Passionné de la nouvelle, M.Said Raihani multiplie les actions pour sa promotion.

«La nouvelle est le genre qui a été le moins libéré»
LE MATIN : Vous paraissez obsédé par la nouvelle. Quel est le secret de cette passion et quelles en sont les origines ?

MOHAMED SAID RAIHANI :
Mon premier amour, c'étaient les arts plastiques. Mais comme je n'ai pu accéder à l'école des Beaux-Arts pour des raisons familiales, je me suis orienté à la littérature, vers l'âge de 16 ans. J'ai d'abord tenté d'écrire mon autobiographie en langue française, par la suite j'ai commencé à écrite des pièces de théâtre en anglais, vu qu'à l'époque j'étais un passionné du grand dramaturge George Bernard Show. Je me suis également essayé à la nouvelle parce que j'étais fasciné par Ernest Hemingway. Toutefois, quand j'ai terminé mes études universitaires et que j'ai intégré le corps de l'enseignement, je suis passé de l'anglais comme langue d'écriture à l'arabe.

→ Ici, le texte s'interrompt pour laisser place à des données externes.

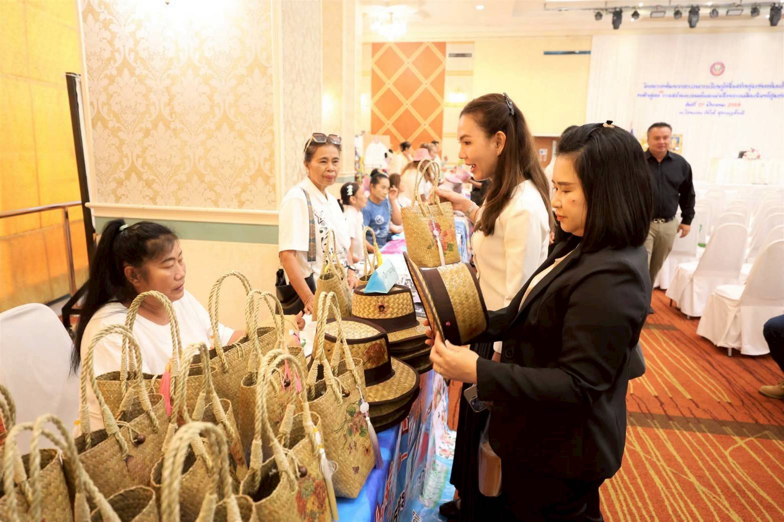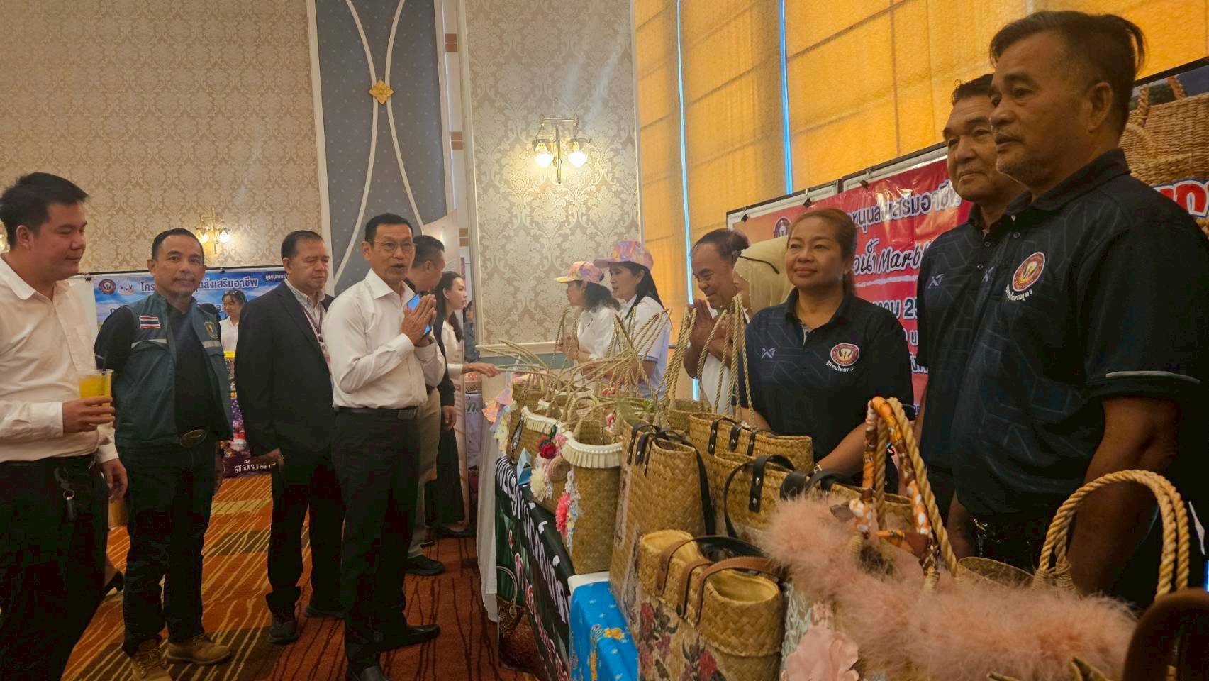 หลักสูตร “การสร้างแบรนด์และเล่าเรื่องราวผลิตภัณฑ์ชุมชน” ตามโครงการพัฒนากระบวนการเรียนรู้เพื่อสร้างชุมชนเข้มแข็งในการพัฒนาชุมชน ณ ห้องประชุมโรงแรมวังใต้ อำเภอเมืองฯ จังหวัดสุราษฎร์ธานี ซึ่งจัดขึ้นเพื่อขับเคลื่อนและส่งเสริมการมีส่วนร่วมในการพัฒนาเศรษฐกิจชุมชน และประชาสัมพันธ์ผลิตภัณฑ์ในชุมชนให้เป็นที่รู้จัก สร้างรายได้และเสริมสร้างความเข้มแข็งทางเศรษฐกิจในชุมชนไปพร้อมกับส่งเสริมให้มีการแลกเปลี่ยนเรียนรู้ผ่านกระบวนการคิด ต่อยอดพัฒนาเศรษฐกิจระหว่างชุมชน รวมทั้งการส่งเสริมให้เกิดทักษะ การคิด การวางแผน และมีแนวทางการบริหารจัดการโครงการให้เกิดประโยชน์ต่อการพัฒนาชุมชน โดยภายในกิจกรรมมีการจัดแสดงผลงานผลิตภัณฑ์ชุมชน 66 ชุมชน จดทะเบียนวิสาหกิจชุมชนแล้ว จำนวน 8 กลุ่ม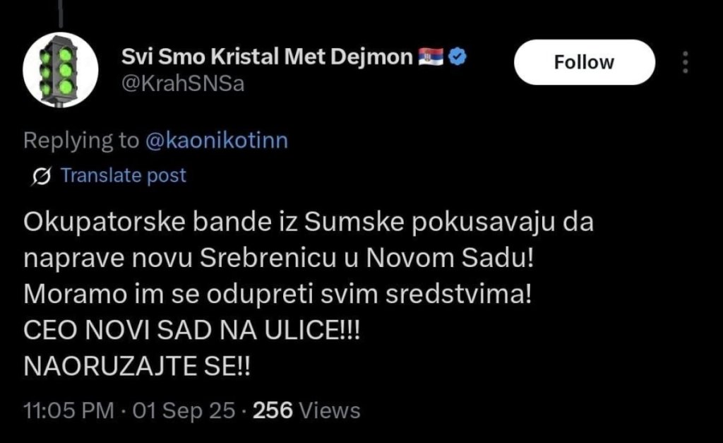 - Okupatorske bande iz Šumske pokušavaju da naprave novu Srebrenicu u Novom Sadu. Moramo im se odupreti svim sredstvima. Ceo Novi sad na ulice! Naoružajte se - napisao je ovaj fašista sinoć oko 23 sata na Iksu, očigledno rastrojen zbog činjenice da je dugonajavljivani blokaderski skup u čitavoj Srbiji juče doživeo neviđeni debakl.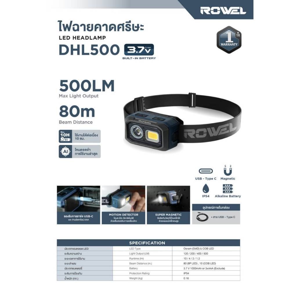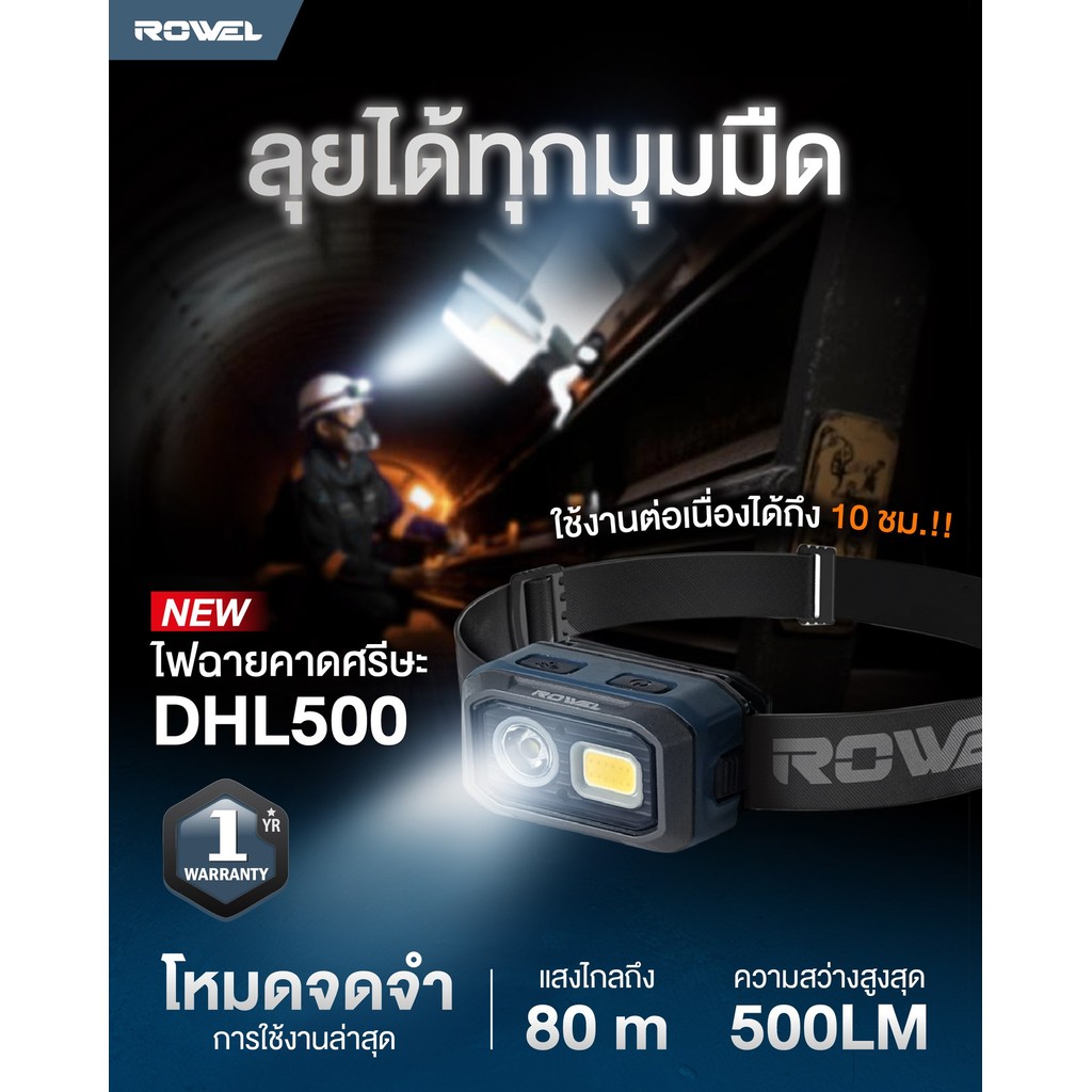 Rowel ไฟฉายคาดศีรษะ LED 500LM ROWEL รุ่น DHL500 ไฟฉายคาดหัว ไฟฉาย ไฟฉายเดินป่า แคมป์ปิ้ง อุปกรณ์ตั้งแคมป์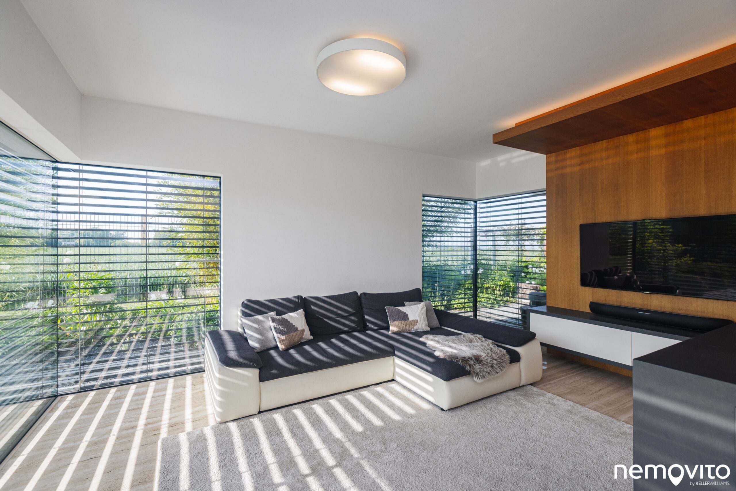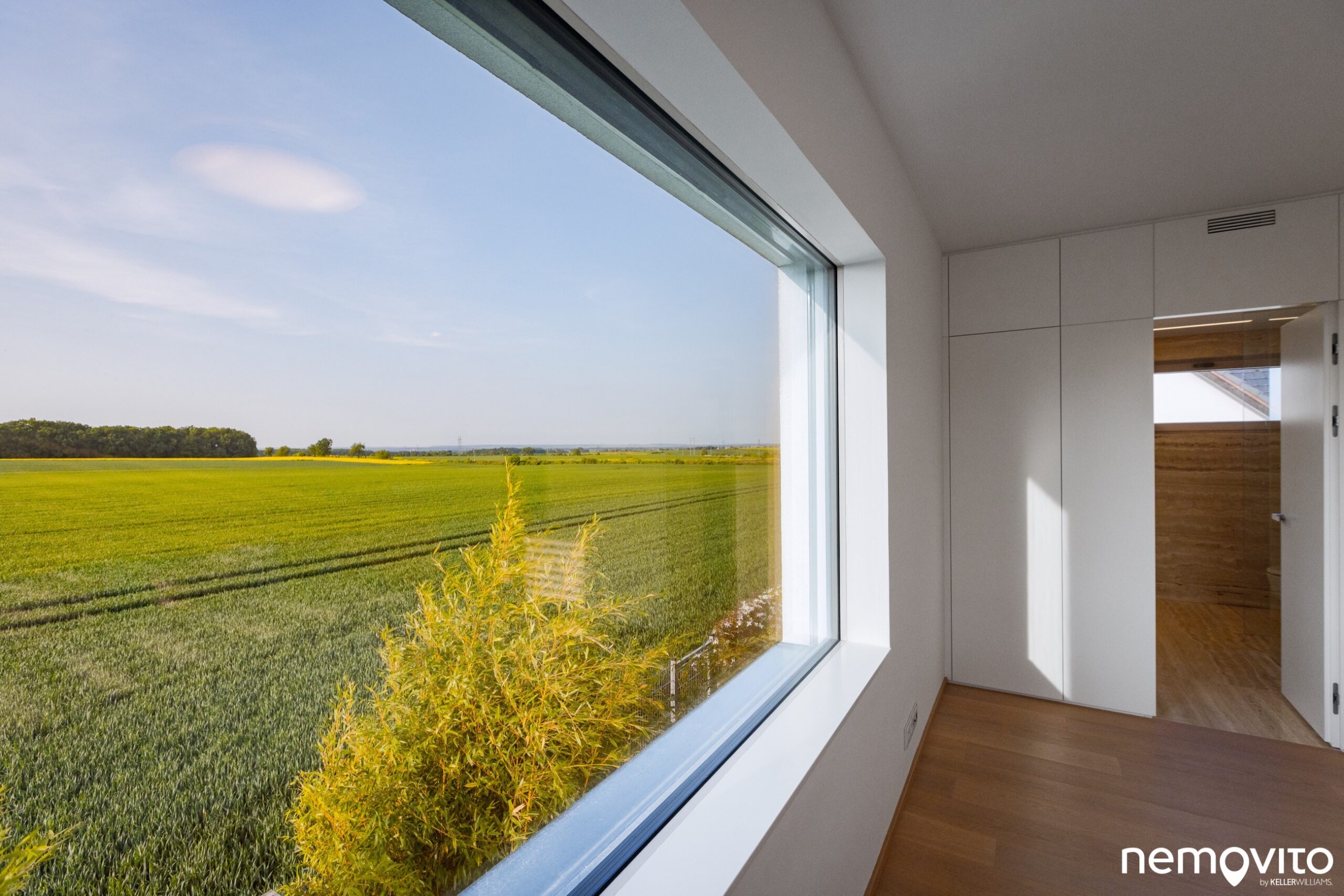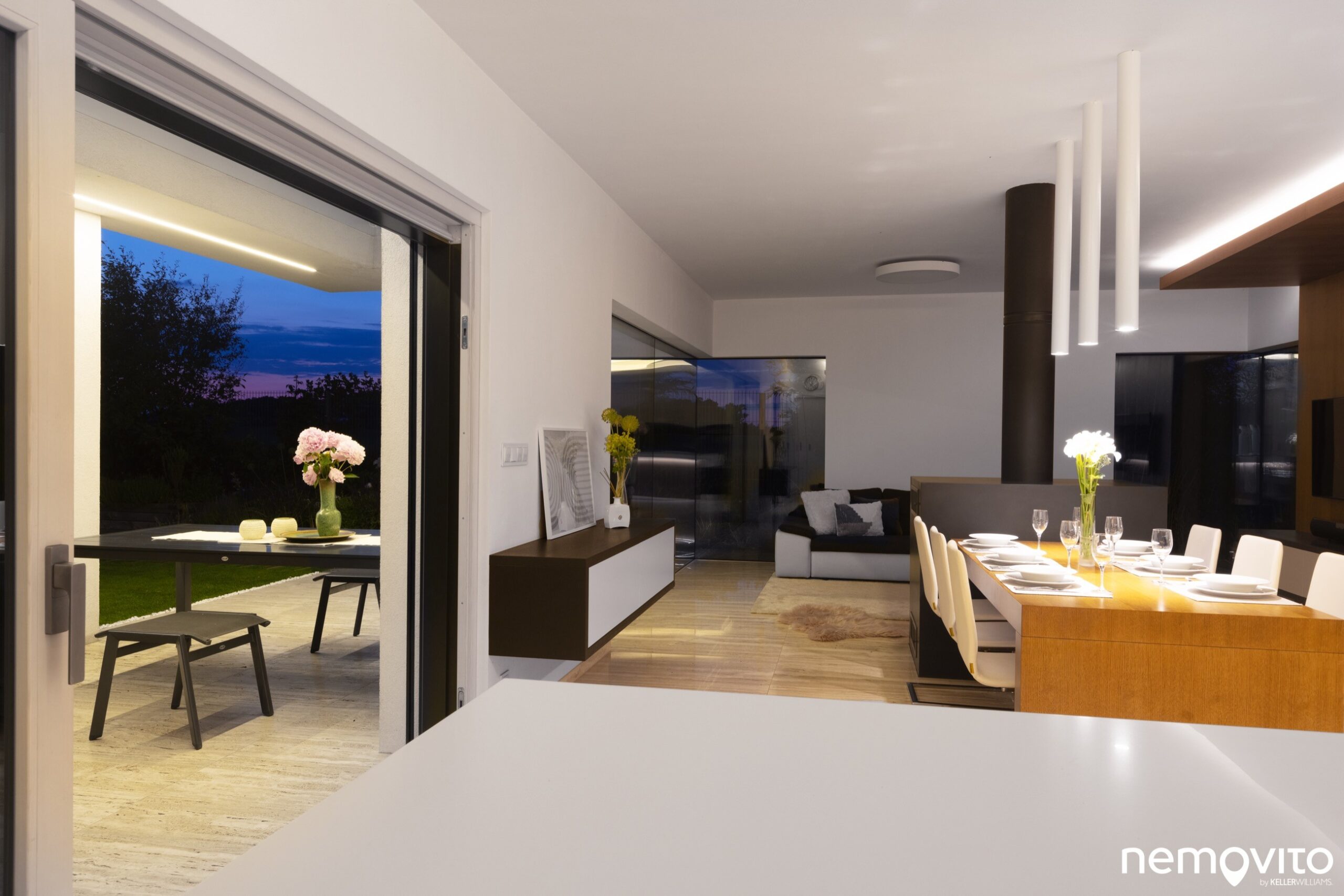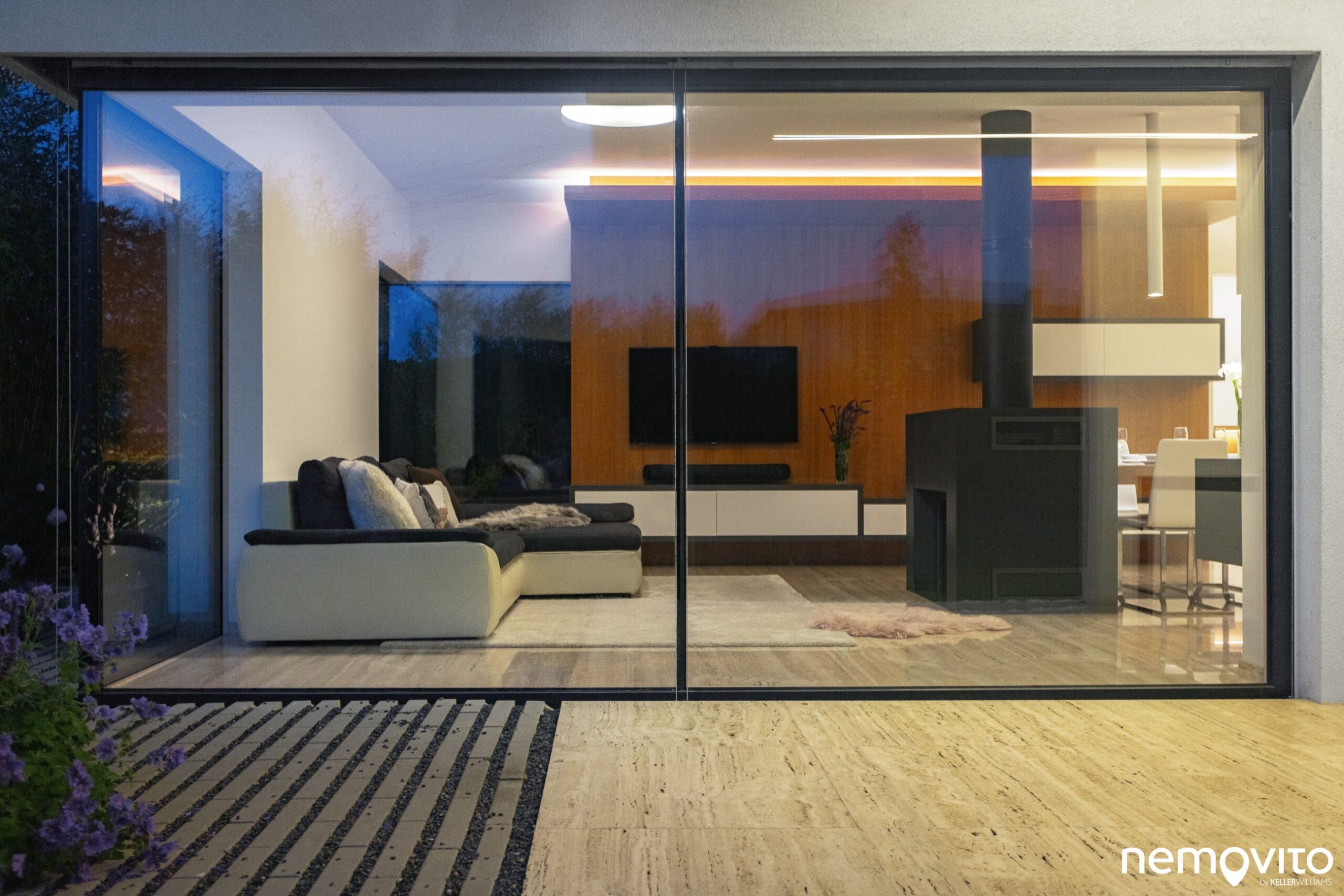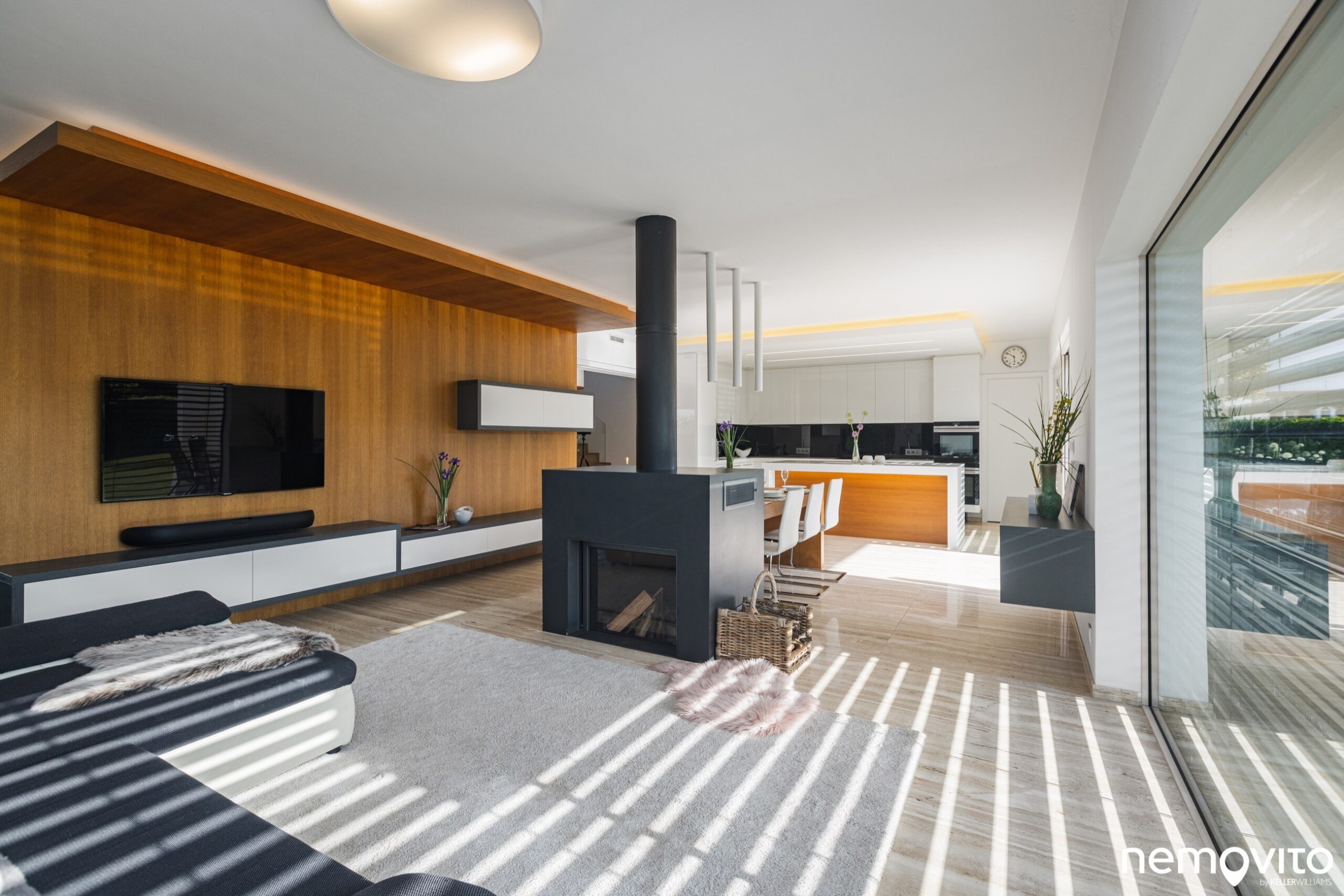 Hlavní obytný prostor domu nabízí impozantních 53 m2 a obrovské prosklené plochy. Všechna okna jsou pochopitelně vybavena exteriérovými elektrickými žaluziemi, které při slunných dnech rozehrají na podlaze hru se světlem. Interiér a výhledy neruší žádné radiátory, podlahové topení je samozřejmost.

J'ai, en revanche, gardé mon amour pour la nouvelle qui remontre à mon enfance.
En fait, quand j'étais petit, une amie de ma mère nous rendait visite tous les après-midi et nous racontait des contes merveilleux. J'ai appris par la suite qu'il s'agissait des «Mille et une nuits». Cette dame n'est autre que «Satidat al Haki» dont la photo est exposée au 1er chapitre de mon «autobio-photographie» intitulée «Quand la photo parle».

Comment cette femme vous a-t-elle influencé ?

Elle a aiguisé ma passion pour la réception des histoires dès mon jeune âge. Elle m'a également fait aimer l'écriture, surtout en matière d'expression écrite quand j'étais au lycée. Ce qui m'a encouragé à écrire des œuvres de fiction. Quant à la lecture des livres des grands écrivains, elle m'a ouvert les yeux sur le processus d'écriture, ses coulisses et ses mécanismes. En choisissant l'écriture, j'ai choisi la vie. Aujourd'hui, j'ai 39 ans et j'ai à mon effectif 39 œuvres dont seulement 6 ont été publiées entre 2001 et 2008, tandis que «Ainsi parlait Santa Lugar-Verde», le recueil de nouvelles qui a eu le prix de Naji Nouaman en 2005 au Liban ainsi que «Dialogue de deux générations», une œuvre coécrite avec l'écrivain Idriss Sghir, attendent toujours d'être éditées.

Quel regard jetez-vous sur la nouvelle au Maroc et quelle évaluation en faites-vous ?

Les expériences littéraires s'amplifient grâce au cumul des œuvres au fil des années. Au Maroc, les genres les plus stables et les plus soutenus en matière de production sont le roman d'expression française et la nouvelle en langue arabe, en plus de la poésie en dialectal et du théâtre. Contrairement au roman, la nouvelle reste le seul genre qui a eu un parcours ininterrompu depuis sa naissance dans les années 40. Ce qui lui a valu une production assez importante sur le plan quantitatif. Quant à la qualité, ce genre reste moins libéré que les autres en l'occurrence la poésie. La nouvelle n'a pas pu dépasser la forme rectangulaire. Quant au fond, les nouvellistes ont opté depuis le début, d'écrire à la troisième personne. Ce qui a eu pour conséquence de l'éloigner du «Soi». Les principales caractéristiques de cet «éloignement» dans la nouvelle sont une crise de liberté, de rêve et d'amour. C'est ce que j'ai appelé les «Trois clefs». Ces éléments sont les moins représentés dans les récits.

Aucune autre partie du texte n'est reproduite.